French graphic designer, animator, director and music producer

Bertrand Lagros de Langeron, known professionally as So Me, is a French graphic designer, animator, director and music producer. He is the art director for Ed Banger Records and has released music of his own on the label. He is also the main designer for the clothing company Club 75.

== History ==
He has directed and produced music videos for DJ Mehdi, Kanye West, Kid Cudi, Justice, and MGMT. He won the MTV Europe Music Award for Best Video in 2006 for Justice vs. Simian song "We Are Your Friends".

In 2008, he co-directed the Justice tour documentary A Cross the Universe with Romain Gavras. He also produced and directed the music video for "DVNO". In 2010, he directed the music video for Duck Sauce's song "Barbra Streisand", making a cameo in the video. In 2011, de Langeron joined the Los Angeles agency Caviar, which also represents the directors Alexander Payne, Ruben Fleischer, and Peter Farrelly. From 2011 to 2013, he directed the music videos for SebastiAn's "Embody", Major Lazer's "Get Free", and Pusha T's "Numbers on the Boards".

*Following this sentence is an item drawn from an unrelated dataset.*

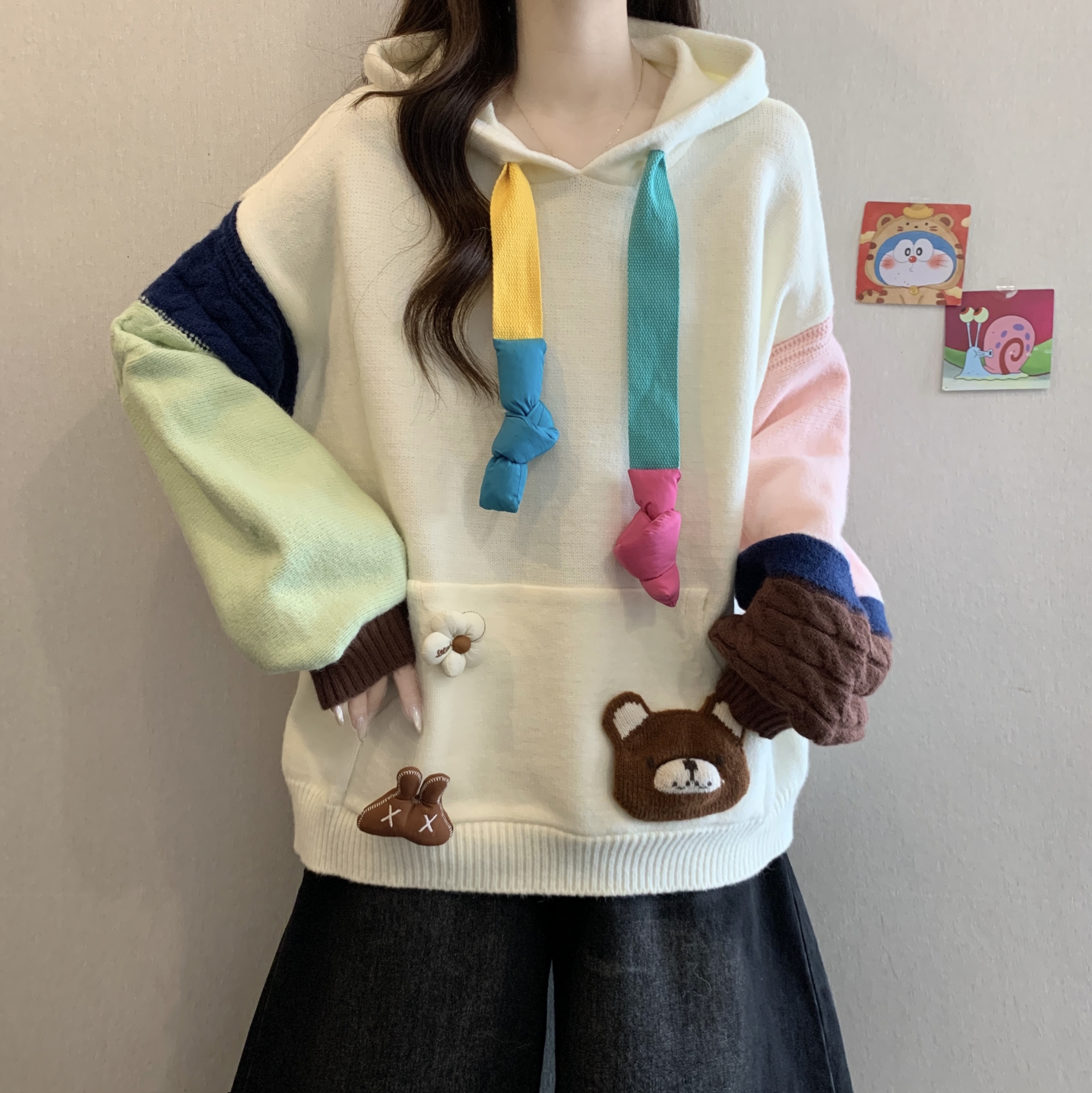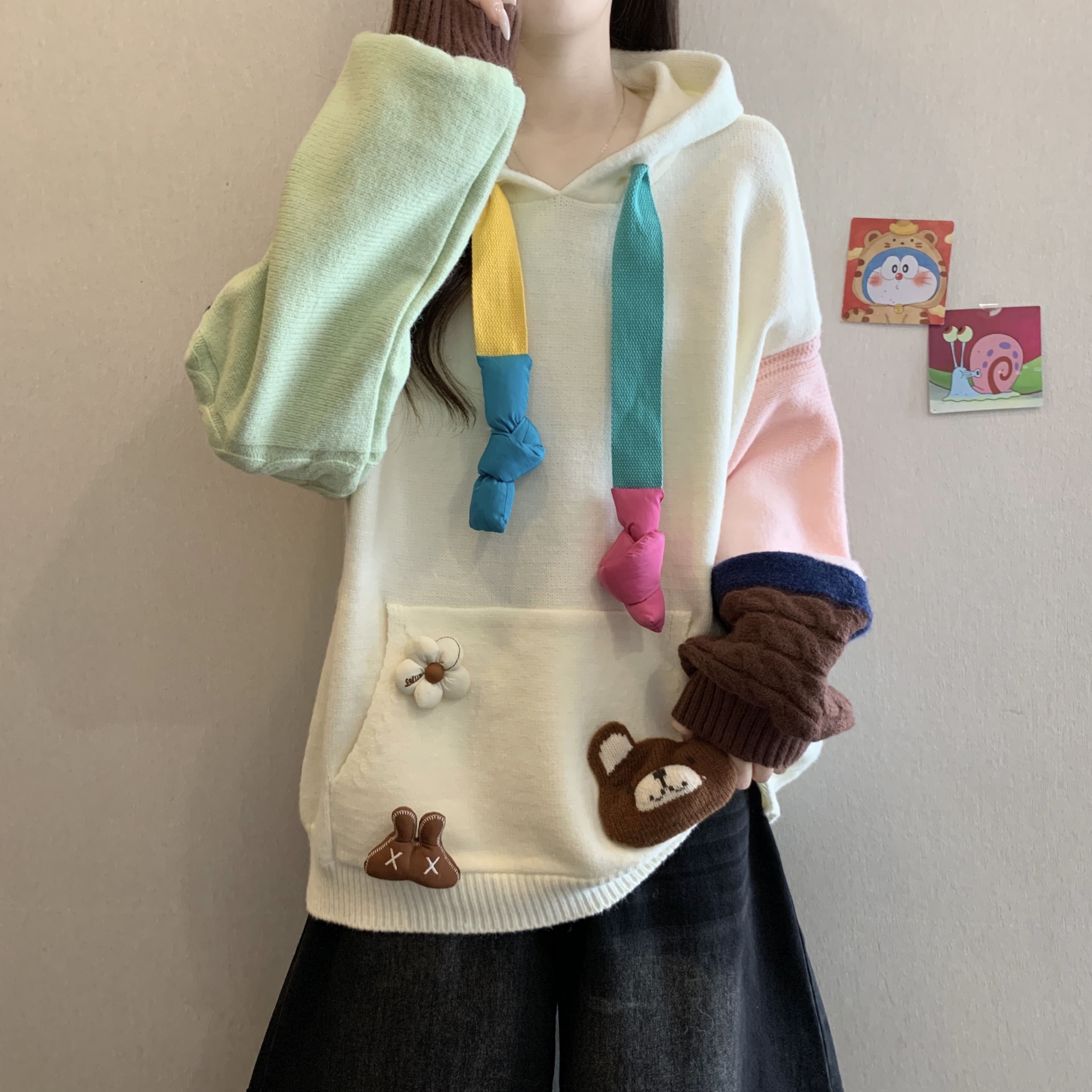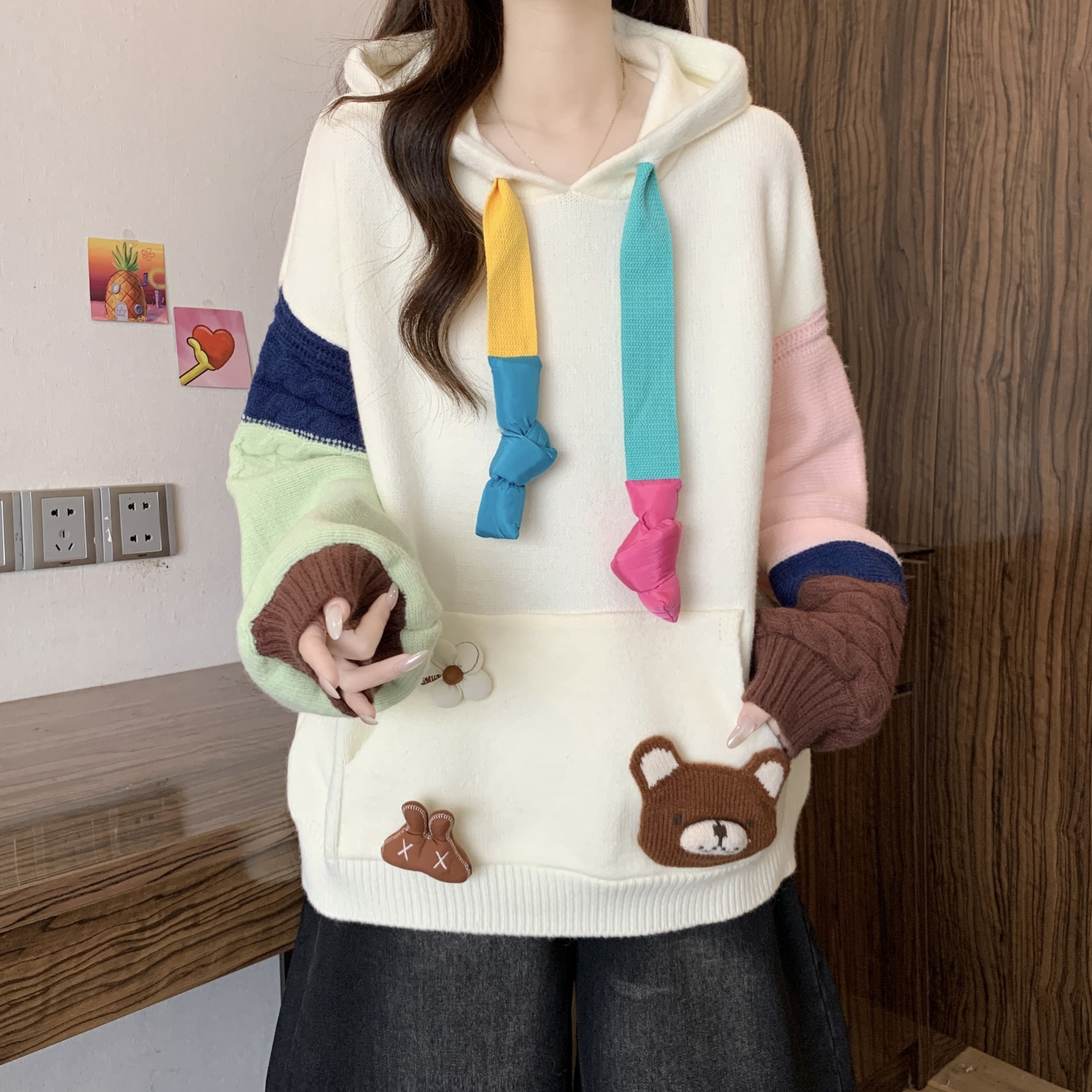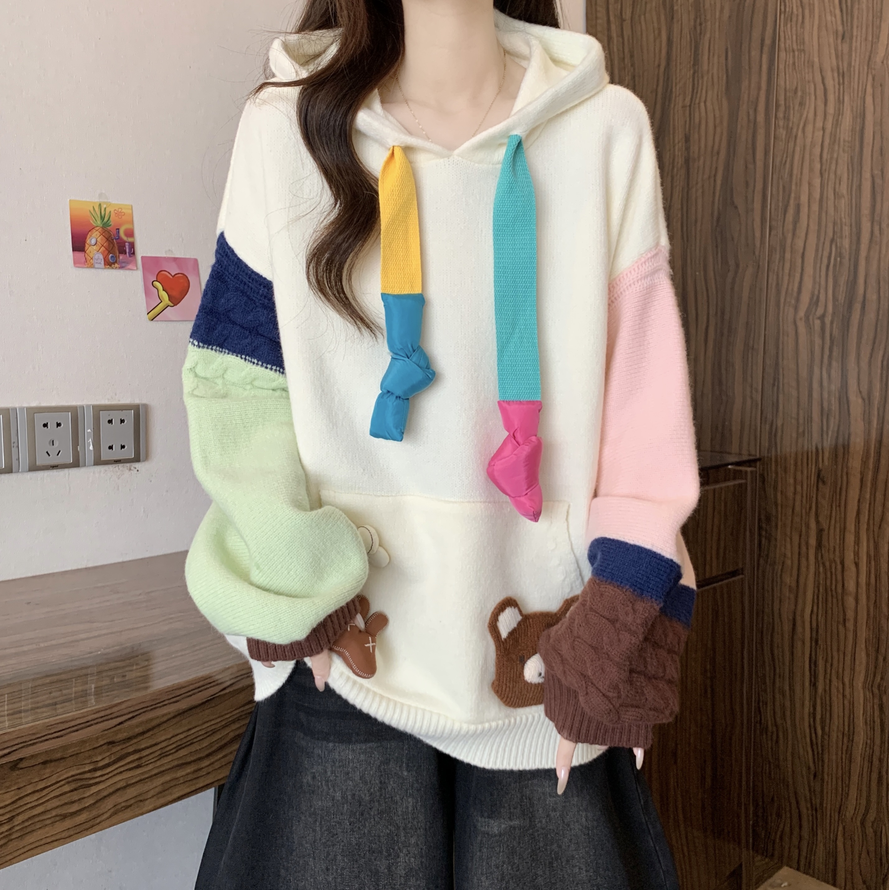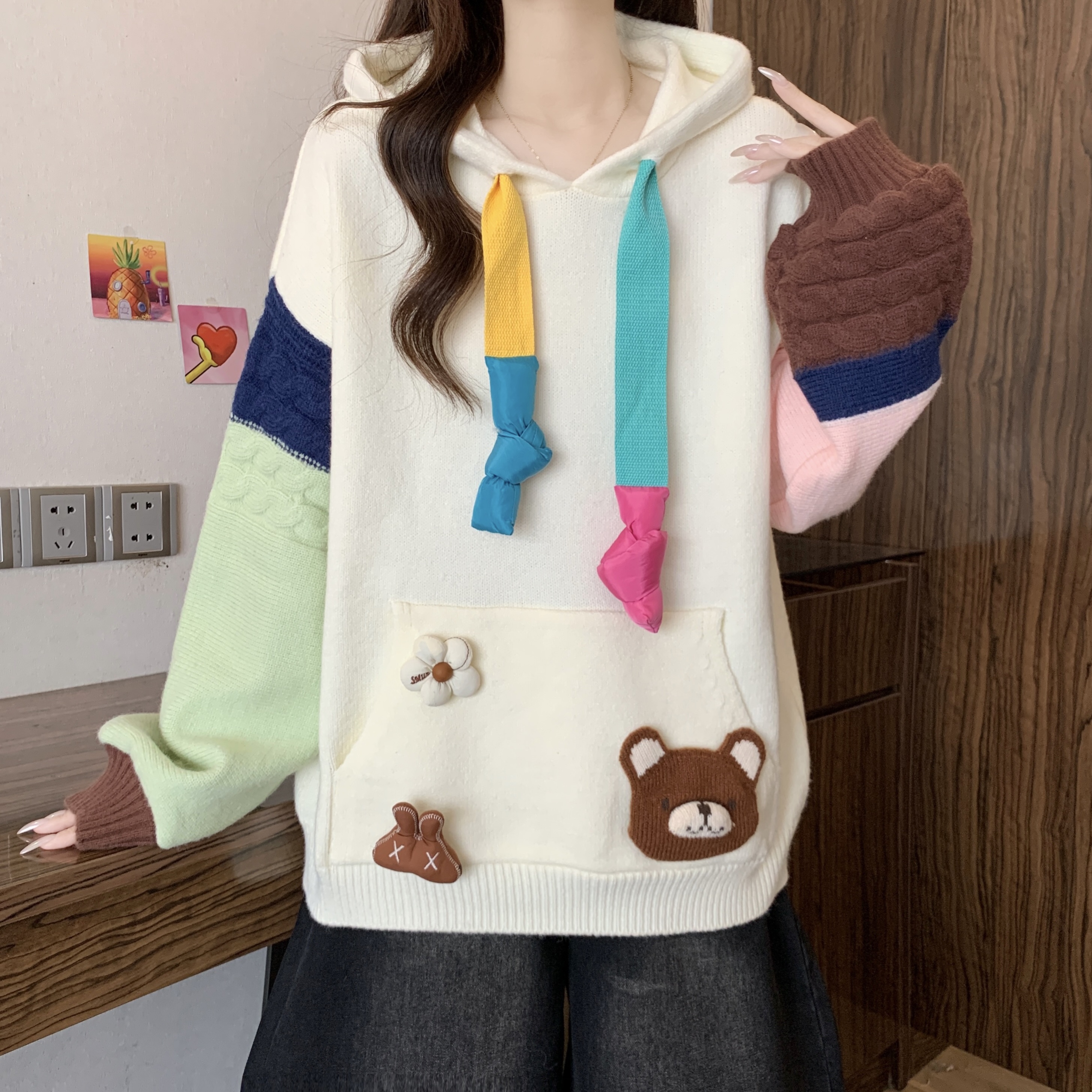 大码胖mm秋冬季新款撞色连帽毛衣卫衣设计感洋气减龄针织上衣

In 2021, he directed and wrote one of the six episodes of the Canal+ miniseries 6 X Confiné.e.s, "Scorpex", in which Vincent Cassel plays the lead, a DJ named Scorpex. So Me drew on his personal experience at Ed Banger Records as inspiration for this episode. In 2025, he directed his first narrative feature-length film, Banger, for Netflix. The movie sees Cassel reprising his role as "Scorpex" from the miniseries episode. 2manydjs ( David and Stephen Dewaele of Soulwax) provided the soundtrack.